* Records supplied:
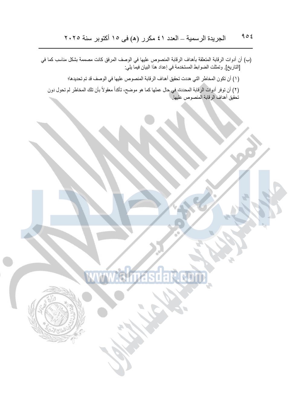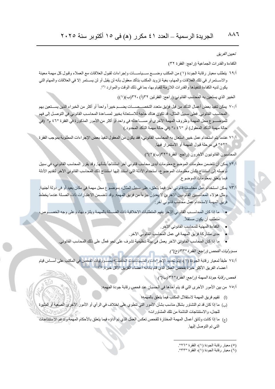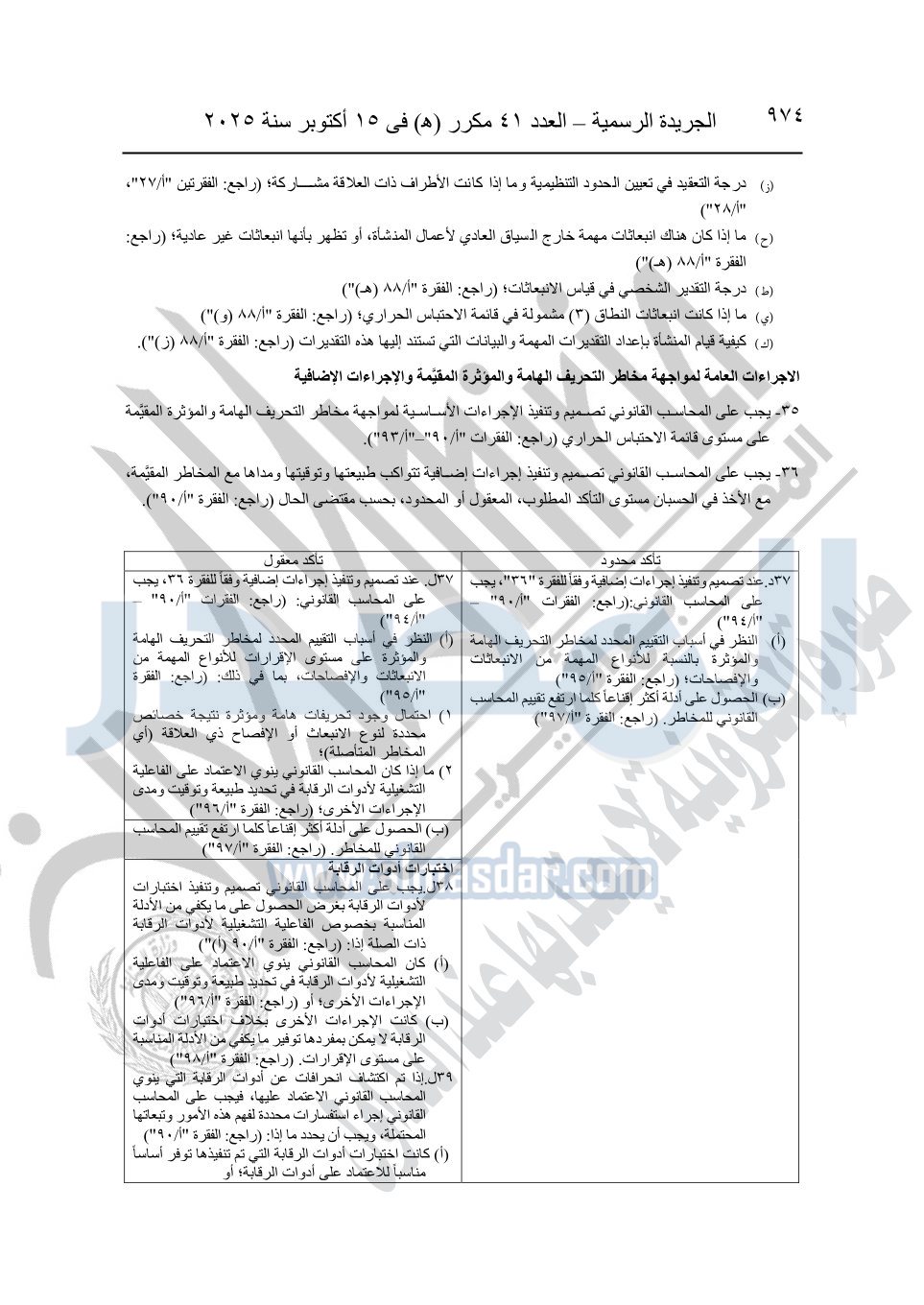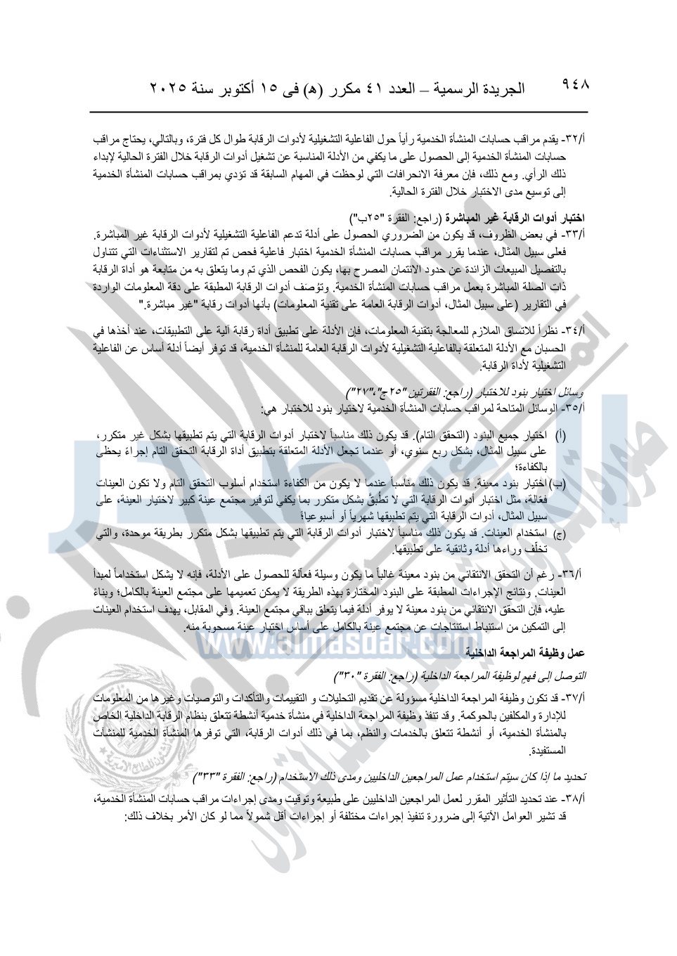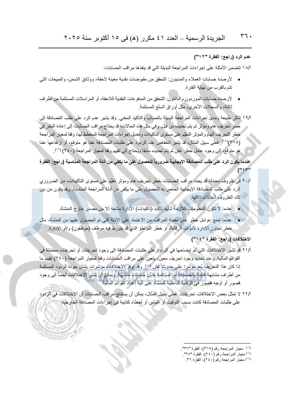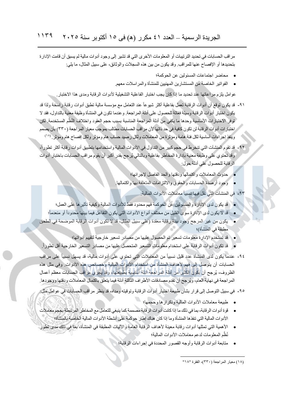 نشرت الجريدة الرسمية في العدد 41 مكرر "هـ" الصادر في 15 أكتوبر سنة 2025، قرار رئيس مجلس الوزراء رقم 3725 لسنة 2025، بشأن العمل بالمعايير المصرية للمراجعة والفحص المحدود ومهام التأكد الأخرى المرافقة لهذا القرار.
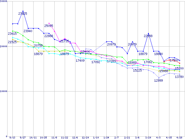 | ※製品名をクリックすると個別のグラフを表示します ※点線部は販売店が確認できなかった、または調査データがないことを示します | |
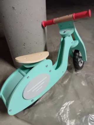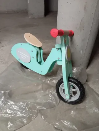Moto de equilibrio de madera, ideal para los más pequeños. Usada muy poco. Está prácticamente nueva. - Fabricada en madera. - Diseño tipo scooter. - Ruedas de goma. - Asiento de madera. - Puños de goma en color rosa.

==

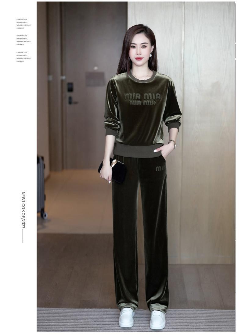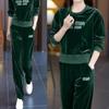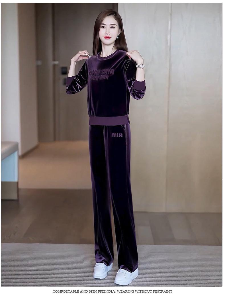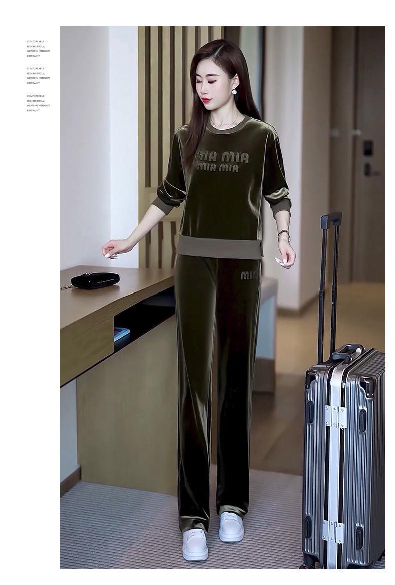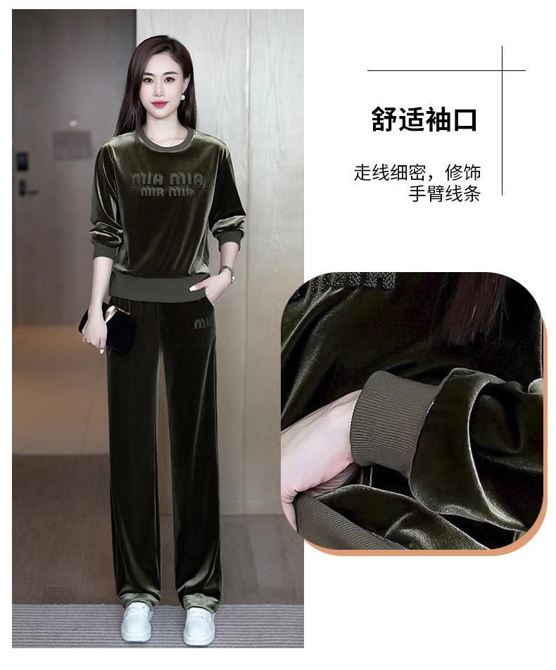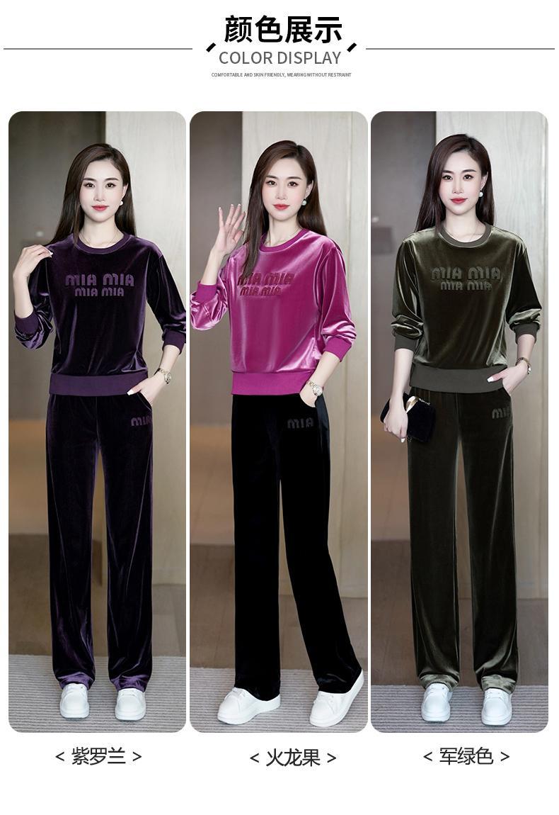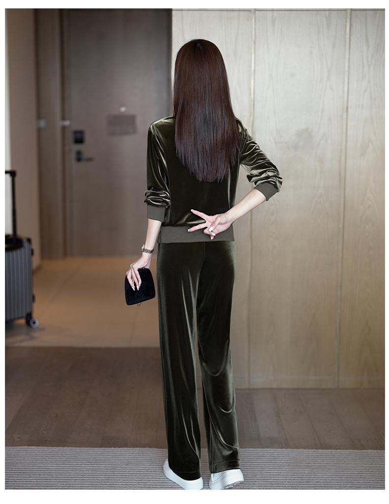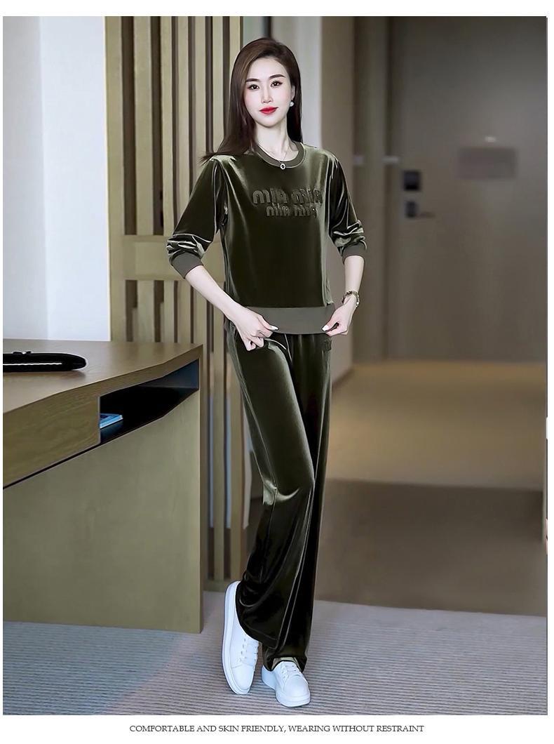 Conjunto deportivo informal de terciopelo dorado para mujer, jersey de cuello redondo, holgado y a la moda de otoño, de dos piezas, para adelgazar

...

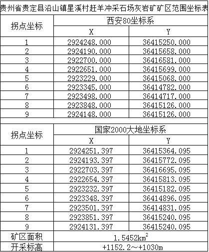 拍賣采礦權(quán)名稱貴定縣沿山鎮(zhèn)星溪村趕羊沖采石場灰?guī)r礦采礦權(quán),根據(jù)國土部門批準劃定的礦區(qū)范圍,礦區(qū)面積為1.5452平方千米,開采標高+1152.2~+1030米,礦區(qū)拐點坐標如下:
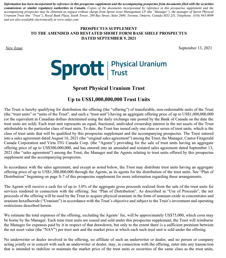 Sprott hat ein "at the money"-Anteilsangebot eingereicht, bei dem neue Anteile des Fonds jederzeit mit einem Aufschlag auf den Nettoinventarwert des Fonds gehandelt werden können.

* Task description: Taking the records above, print only and exactly the lines from the line with "نشرت الجريدة الرسمية" to the line with "Moto de equilibrio", both kept, and exclude pictures.

* Task response:
 نشرت الجريدة الرسمية في العدد 41 مكرر "هـ" الصادر في 15 أكتوبر سنة 2025، قرار رئيس مجلس الوزراء رقم 3725 لسنة 2025، بشأن العمل بالمعايير المصرية للمراجعة والفحص المحدود ومهام التأكد الأخرى المرافقة لهذا القرار.
 | ※製品名をクリックすると個別のグラフを表示します ※点線部は販売店が確認できなかった、または調査データがないことを示します | |
Moto de equilibrio de madera, ideal para los más pequeños. Usada muy poco. Está prácticamente nueva. - Fabricada en madera. - Diseño tipo scooter. - Ruedas de goma. - Asiento de madera. - Puños de goma en color rosa.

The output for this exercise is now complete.